- DATA FOR THIS TASK -
====

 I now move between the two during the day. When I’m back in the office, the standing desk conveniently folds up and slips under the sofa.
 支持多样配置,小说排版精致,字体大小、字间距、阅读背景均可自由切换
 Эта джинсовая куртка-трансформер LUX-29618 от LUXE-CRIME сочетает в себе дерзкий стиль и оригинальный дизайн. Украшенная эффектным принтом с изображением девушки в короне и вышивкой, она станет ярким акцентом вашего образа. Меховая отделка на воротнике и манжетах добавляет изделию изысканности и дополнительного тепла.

====

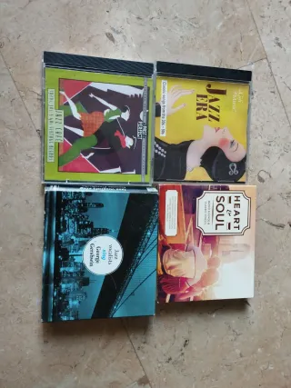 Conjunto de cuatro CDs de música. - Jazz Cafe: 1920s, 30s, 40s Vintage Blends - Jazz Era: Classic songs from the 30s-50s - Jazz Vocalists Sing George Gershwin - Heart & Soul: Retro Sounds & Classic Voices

====

- TO DO -
Using the records above, restate word for word the lines from the one with "支持多样配置,小说排版精致,字体大小、字间距、阅读背景均可自由切换" through the one with "Эта джинсовая куртка-трансформер", both included.

- RESULT OF THIS TASK -
 支持多样配置,小说排版精致,字体大小、字间距、阅读背景均可自由切换
 Эта джинсовая куртка-трансформер LUX-29618 от LUXE-CRIME сочетает в себе дерзкий стиль и оригинальный дизайн. Украшенная эффектным принтом с изображением девушки в короне и вышивкой, она станет ярким акцентом вашего образа. Меховая отделка на воротнике и манжетах добавляет изделию изысканности и дополнительного тепла.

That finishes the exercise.